Sumio Kobayashi

Study on overvoltage protection in HVDC LTT valve

The light-triggered thyristor (LTT), which can be directly fired by light, does not need gate electronics on the high-voltage side and is thus a near-ideal semiconductor device for a HVDC valve. In providing overvoltage protection for an LTT without losing its advantage of simple circuits associated with the thyristor, the overvoltage protection system adopted in the conventional electrically triggered thyristor is not necessarily appropriate. The authors have shown that high-speed protective gate pulses generated from the valve base electronics together with the valve arrester are sufficient for the LTT valve overvoltage protection. The adequacy of this protection strategy is demonstrated by factory type tests and also excellent service experiences.

Study of turn-on test method for high-voltage thyristor valve

Digital simulations have been conducted to analyze the thyristor valve turn-on phenomenon while a valve arrester is conducting, which gives the most severe turn-on stress for the valve. The effects of various other parameters have also been clarified. Based on this analysis, two test methods are proposed that verify a valve turn-on during arrester conduction, and their effectiveness is described. The nonrepetitive turn-on test given in the IEC Std Pb. 700 and IEEE Std 857 is studied, and a new test voltage level based on these analyses is proposed. >

Discussion of thyristor characteristic optimization for HVDC valves

We have been developing thyristor valves for high-voltage dc transmission systems for more than 20 years. During this period, the size, power loss, and reliability have been dramatically improved and one of the technical advances which support the improvements is to increase the voltage and current rating of thyristors. However, when thyristor voltage rating exceeds 6 kV, increasing the voltage rating does not lead to size and power loss reduction of the valve because of turn-off characteristic deteriorations. This paper describes a method which can optimize the thyristor characteristics in such a way that the size and power loss of valves are minimized. Two different approaches for HVDC and back-to-back systems are presented.
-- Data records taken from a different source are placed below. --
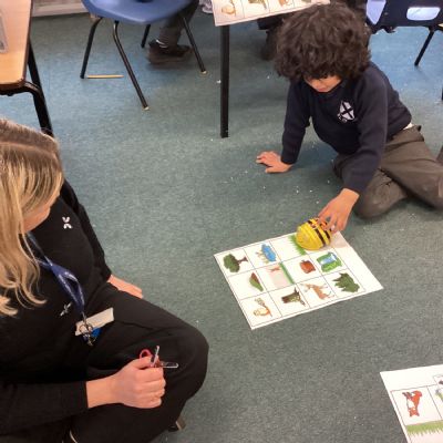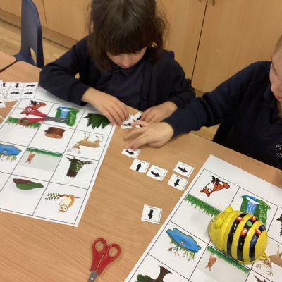 21.1.26: Computing. The children have been experimenting with algorithms. They have learnt that you need to program precise instructions to get their Beebot to go where they want it to.
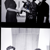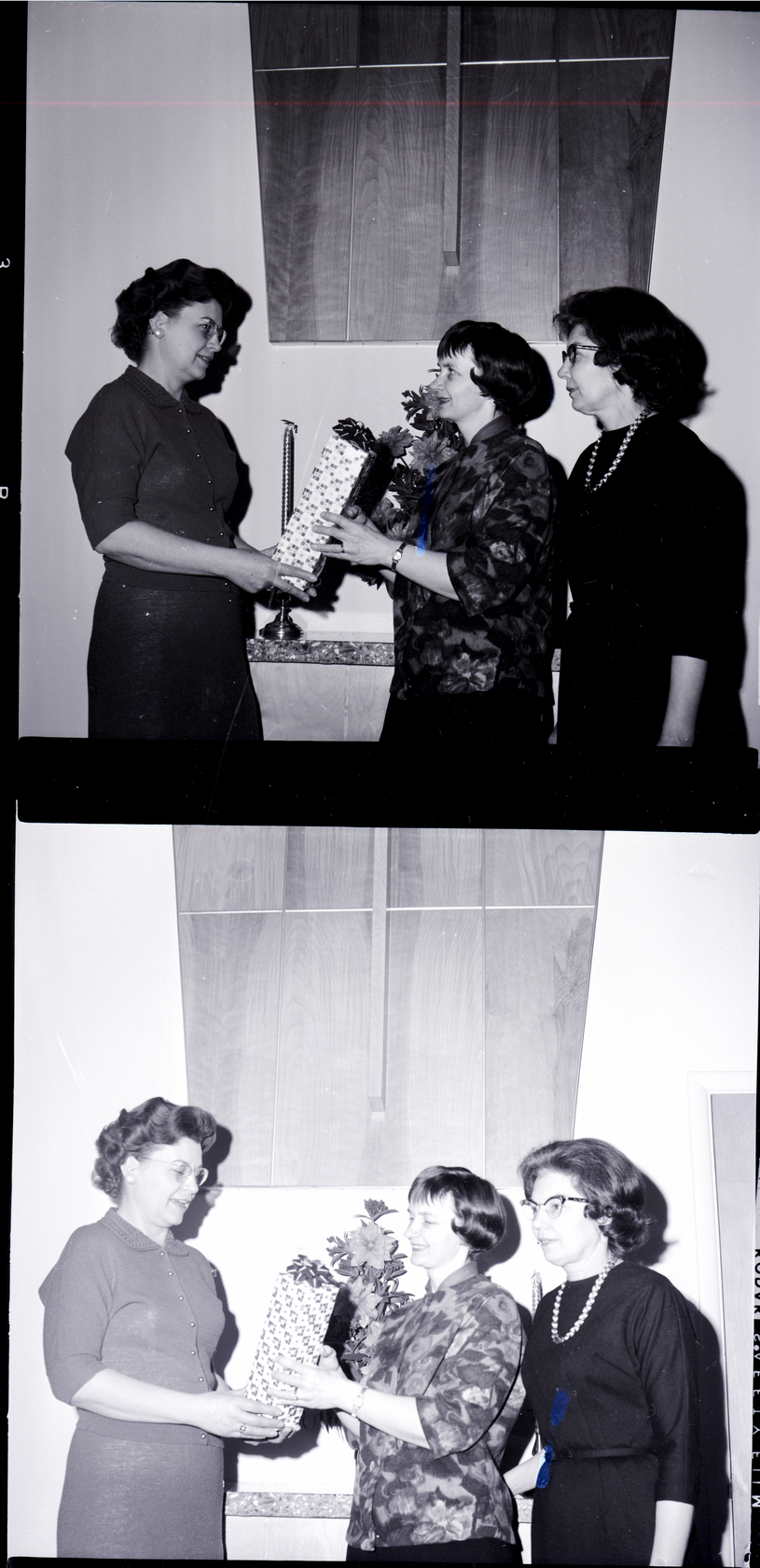 Presenting a gift to Mrs. Howard Ronk, center, is Mrs. Lloyd Johnson, left, YWCA board member, as Mrs. LaVern Routh, YWCA Board of Directors' president, looks on. They are dressed in blouses and skirts. On a stand behind them are some candles and a bouquet of flowers.
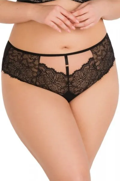 Figi damskie typu brazyliany- z siateczki i efektownej koronki- z przodu ozdobny paseczek- tył z koronki- linia talii wykończone elastyczną lamówkąSkład: 90% poliamid, 7% elastan, 3% poliester…
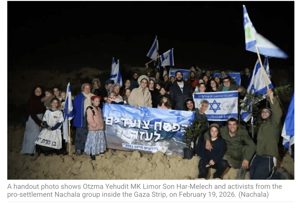 Zum wiederholten Mal hat eine Siedlergruppe, die der Partei Otzma Yehudit nahesteht, illegal den Gazastreifen betreten. Mit dabei war MK Limor Son Har-Melech (im Bild in der Mitte mit heller Jacke). Die IDF verurteilte den Vorfall, von dem sie sagt, dass er sowohl die Aktivisten als auch die Soldaten einem sinnlosen Risiko aussetzt. Immer wieder betreten Siedlergruppen illegal den Gazastreifen, um dort symbolisch mit einer erneuten Besiedlung zu beginnen. Um diesem Anspruch der Neubesiedlung Nachdruck zu verleihen, wurden Bäume gepflanzt. Die Aktivisten wurden von der IDF sicher aus dem Gebiet gebracht und der Polizei zur weiteren Befragung übergeben.
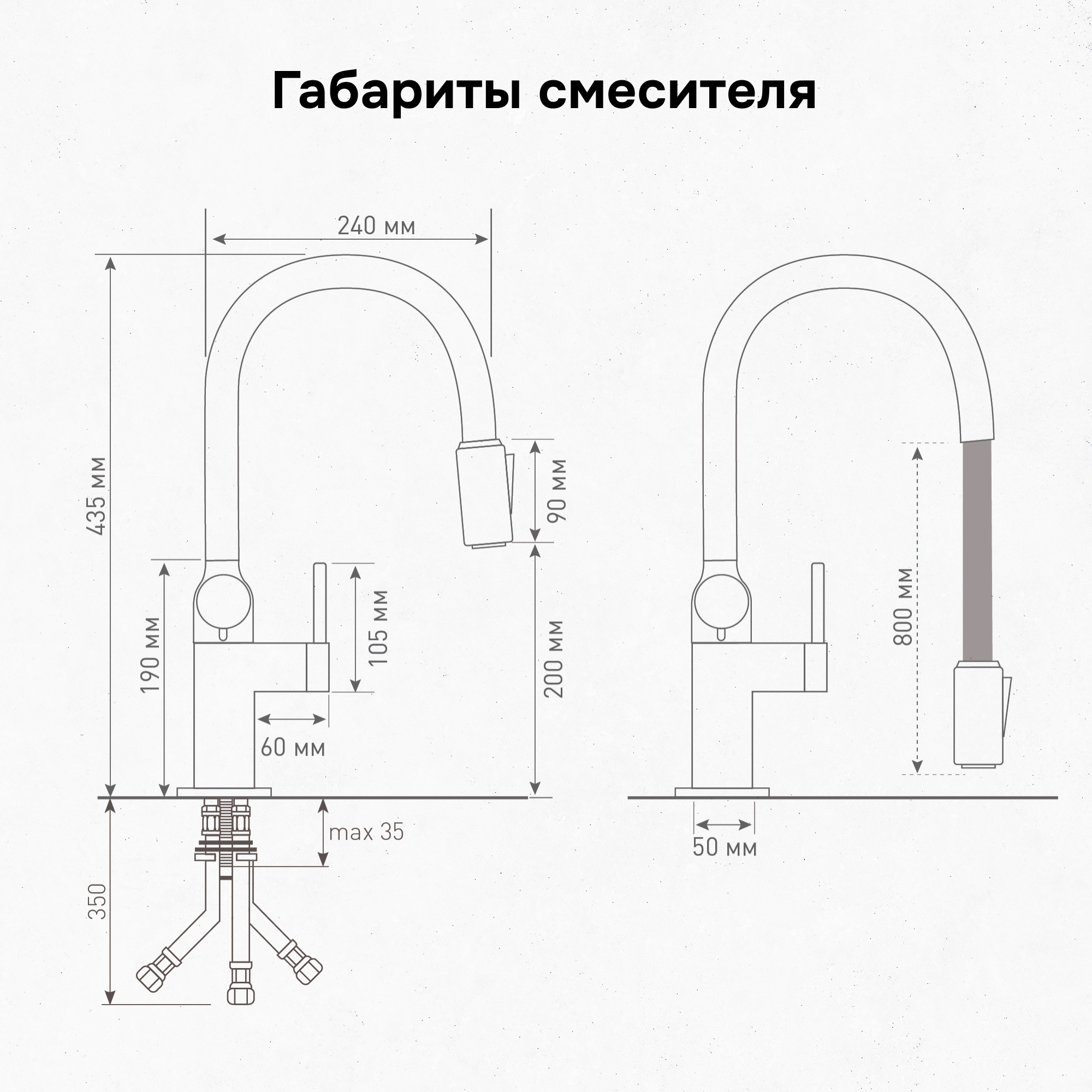 Тип смесителяоднозахватный с выдвижным шлангом-лейкой
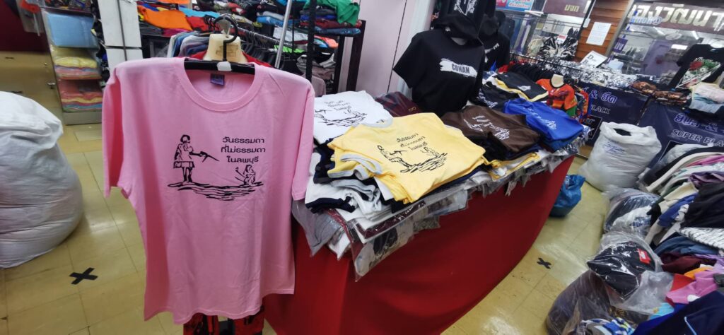 นายวัฒนา เปิดเผยเพิ่มเติมว่า ทางห้างประตูทองวัฒนามีเสื้อสีม่วงจำหน่ายอีกด้วย ตอนนี้ที่มีกระแสปกป้อง
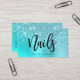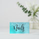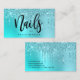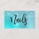 Affärskortet med den här fantastiska nagel-teknikern har faux aqua blue mint och turkos som droppar glitter metallic struktur och elegant calligraphy font.
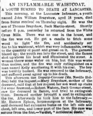 This morning, at the Lancaster Infirmary, a youth named John William Brayshaw, aged 14 years, died from burns received on Thursday night. He was the son of Thomas Brayshaw, Back Marton Street.
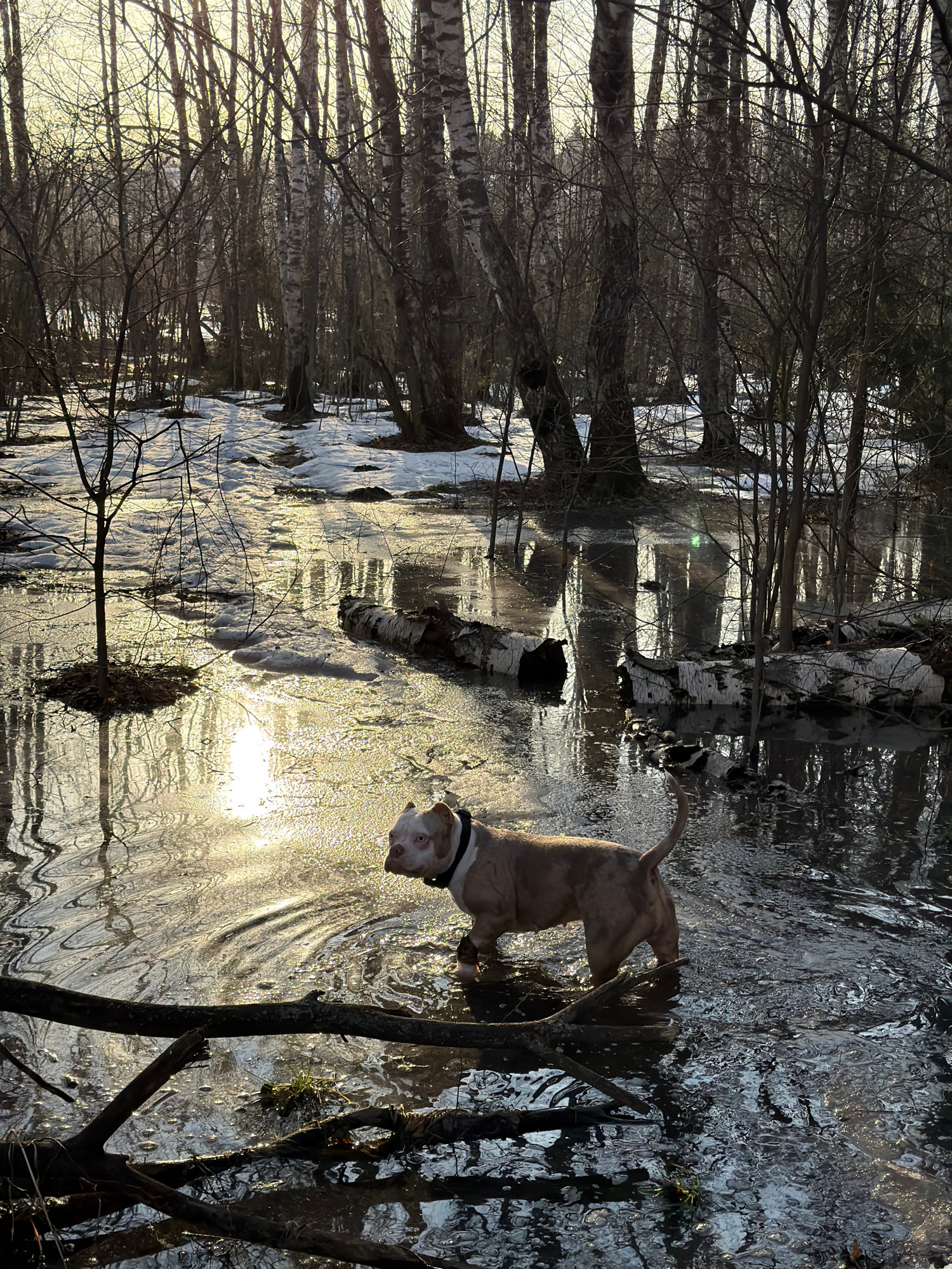 This image captures a wooded area in Khimki, Russia, during what appears to be late winter or early spring. A light-colored American Bully-type dog, featuring tan/brindle fur with white markings on it…read more
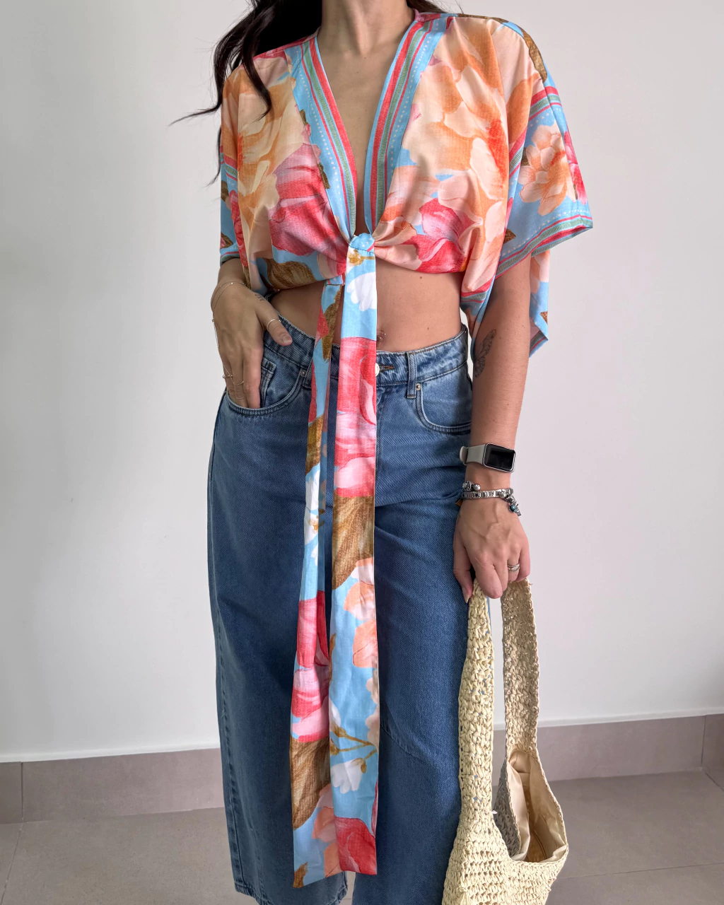 Cropped confeccionado em tecido leve e fluido, com estampa floral que traz um toque alegre e sofisticado à produção. O modelo possui mangas amplas e amarração frontal.

Secular change in characteristics of thyristors used in HVDC valve

The Hokkaido-Honshu HVDC link entered service in 1979 for the first phase (150 MW, 125 kV-1200 A) and in 1980 for the second phase (300 MW, 250 kV-1200 A) and has since been operating in good condition. In the Kamikita converter station situated on the Honshu side, the thyristor valves for the first and second phases use 1344 thyristors rated 4 kV-1.5 kA. To examine secular changes in the characteristics of thyristors and estimate their life expectancy, we picked up eight thyristors from the thyristor valves, measured the main characteristics and compared measurements with the corresponding values measured before they entered service. Further, two thyristors were subjected to temperature and voltage acceleration tests to check for a change over time of leakage current. From the results of these investigations it was verified that the thyristors that have been in service for 16 years have the characteristics and service life equivalent to those of the new ones. But further investigation is required as to the change of turn-off characteristics.